Читать книгу Блюз перерождений - Майкл Пур - Страница 3
Глава 1. Маг апельсинового рифа
ОглавлениеФлорида Киз, 2017
Это история мудреца по имени Майло. И день, когда он был съеден акулой, стал ее началом.
Денек предстоял славный. Майло проснулся до рассвета и, погрузив в шорты свое пятидесятилетнее тело, отправился медитировать на пляж. Его пес – крупная черная дворняга по кличке Бэрт, увязался следом.
Опустившись на сахарно-белый песок, Майло закрыл глаза и почувствовал теплый соленый бриз в своей бороде. Обратил внимание на жалобные крики вьющихся над прибоем чаек и на косичку, щекочущую затылок. Суть медитации именно в том, чтобы созерцать вещи, не задумываясь о них.
Майло, впрочем, не был безупречным созерцателем. Щелкнул ушком пивной банки и стал наблюдать восход.
Он размеренно дышал, представлял, что банка дышит вместе с ним. И как всегда, чем больше старался он избавиться от мыслей, тем больше в голову лезла всякая назойливая фигня (то он думал о большом пальце на ноге, то Франции). Еще о новой татуировке.
Прихлебывая свой завтрак, он обозревал голубую даль океана, где тот встречался с небом. Древнее сердце океана, его незыблемое безразличие наполняли сознание Майло, и он старался дышать в такт вечности – заснув, как положено, на пляже с пивом, в компании пса, пока волны не стали облизывать песок у его лодыжек.
Вероятно, он был самым паршивым в мире созерцателем, но ничего не имел против такого звания. Смирение относилось к числу качеств, делавших его мудрецом. Он побрел к дому за пакетом собачьего корма.
Акула, которой предстояло съесть Майло через несколько часов, была пока далеко. Патрулируя террасу рифа Сент Джеффрис, она высматривала ламантинов. Акула не задумывалась о том, что голодна. Просто невозмутимо плыла в глубинах океана.
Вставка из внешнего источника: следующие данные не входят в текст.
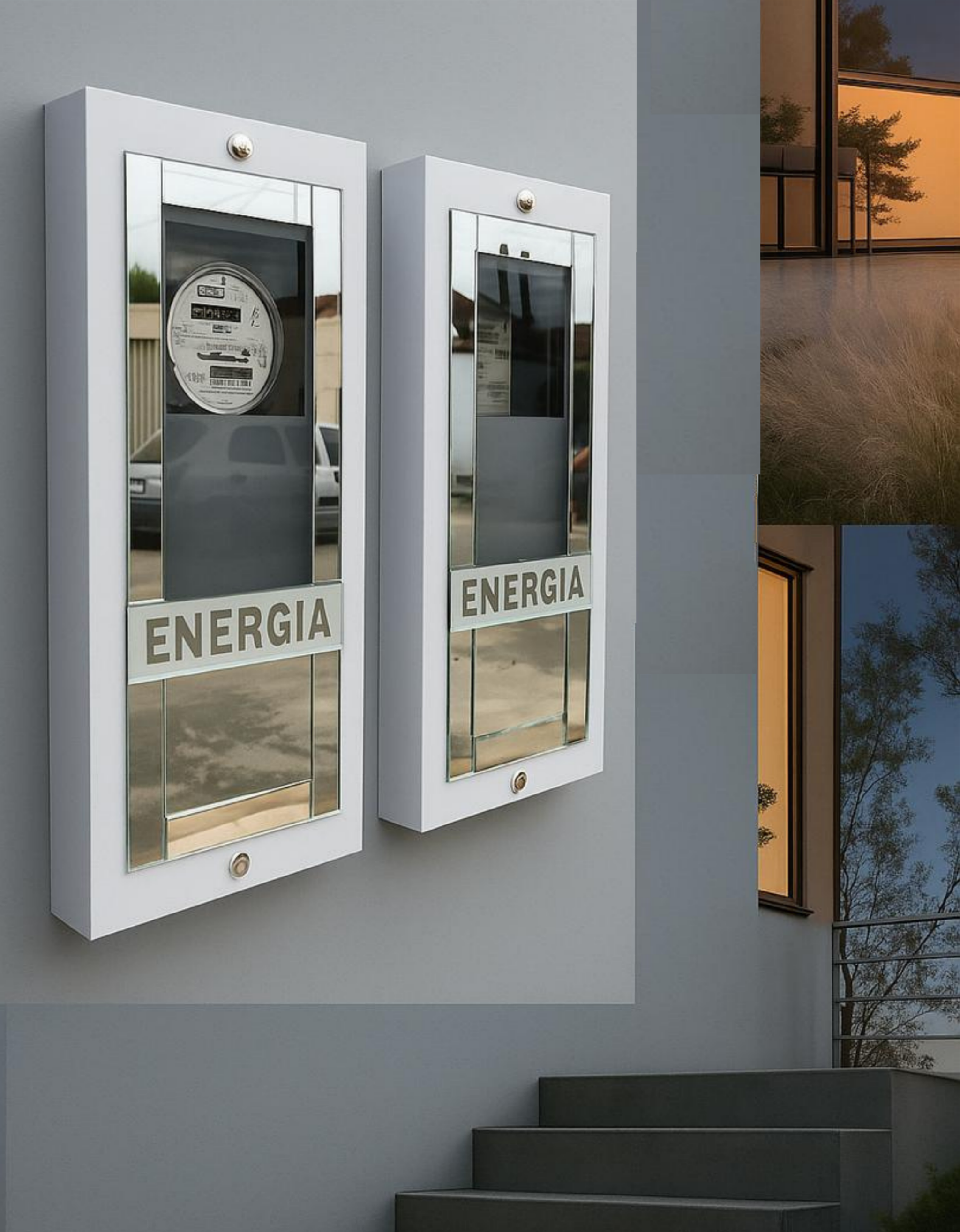 Porta frontal articulada: acesso rápido e seguro ao disjuntor e medidor.
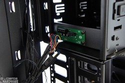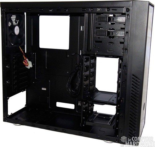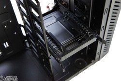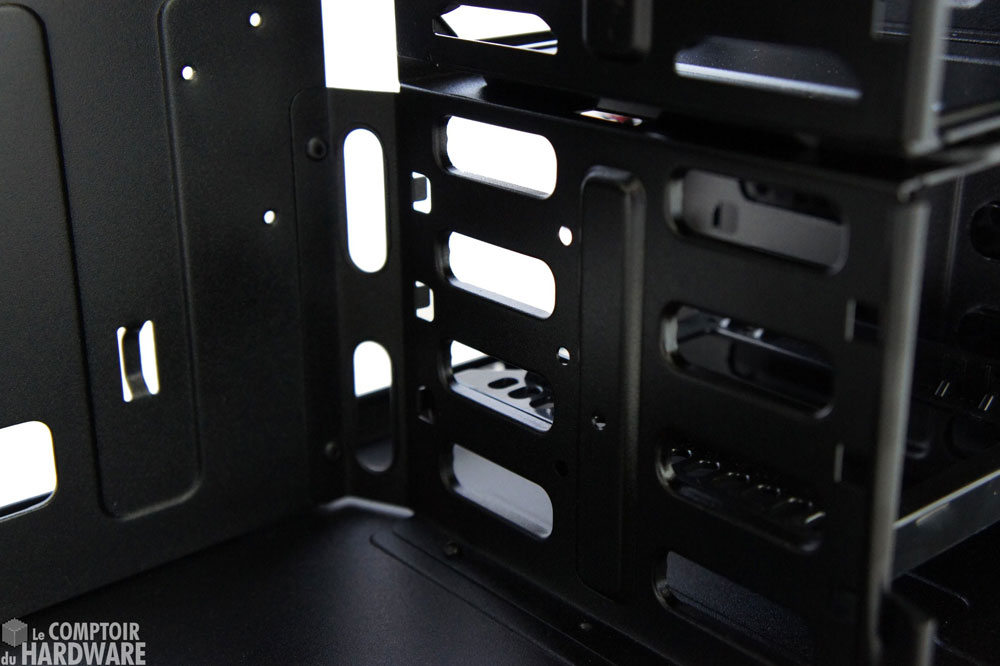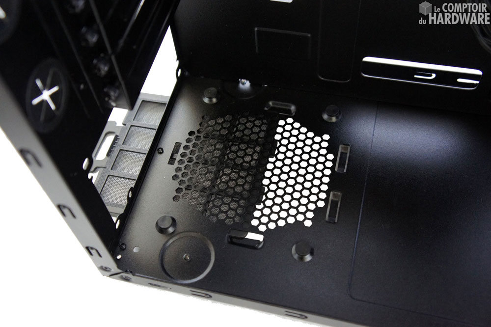 Juste en dessous de cette cage amovible se trouve la partie fixe, permettant d'installer trois unités de 3,5" supplémentaires. Cooler Master abandonne la petite baie pour unités de 2,5", mais n'oublie pas de livrer l'adaptateur 2.5" vers 3,5" pouvant accueillir deux SSD. Le fond du boitier n'est pas recouvert de mousse et l'emplacement prévu pour l'alimentation est équipé de patins en caoutchouc.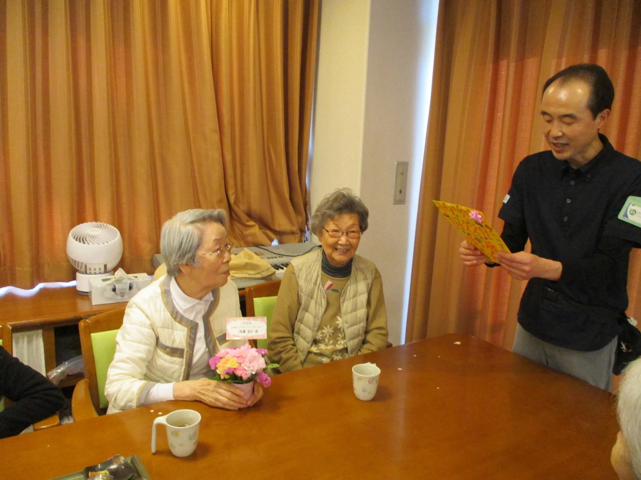 1月に4階のお客様は、4名の方がお誕生日を迎えられました!スタッフからのお花と、手作りメッセージカードのプレゼント。皆様からのバースデーソングで、ささやかなお祝いをしました。皆さん、これからも元気でいてくださいね!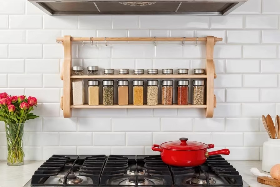 Открытые стеллажи могут выглядеть эстетично, но это не лучшая идея для хранения специй.

Какое-то время Майло поработал в саду. После поиграл с псом и почитал про окаменелости. Провел двадцать минут в интернете за изучением идиотских видео, главным образом о проделках собак и кошек (как все мудрецы, он знал, что временное помешательство нормальное явление).
После чего на старом пикапе направился в госпиталь Святого Винсента, памятуя, что навещать больных – одно из важнейших занятий мудреца. Бэрт устроился на пассажирском кресле (научно установленный факт, что домашние питомцы полезны людям, и Бэрт, на свой лад, тоже был мудрецом, как и все животные).
Сегодня Майло и Бэрт навещали в палате 301 Арлен Эпштейн, умиравшую от бремени ста прожитых лет. Войдя, Майло обнаружил ее спящей и с минуту просто смотрел. Больницы имеют неприятную особенность иссушать людей в ничто, подумал он. Глядя на хрупкое тело под больничной простыней, кто сказал бы, что Арлен Эпштейн была легендарным каскадером и барменом и утихомиривала буянов грубым очарованием вкупе с рукояткой хоккейной клюшки.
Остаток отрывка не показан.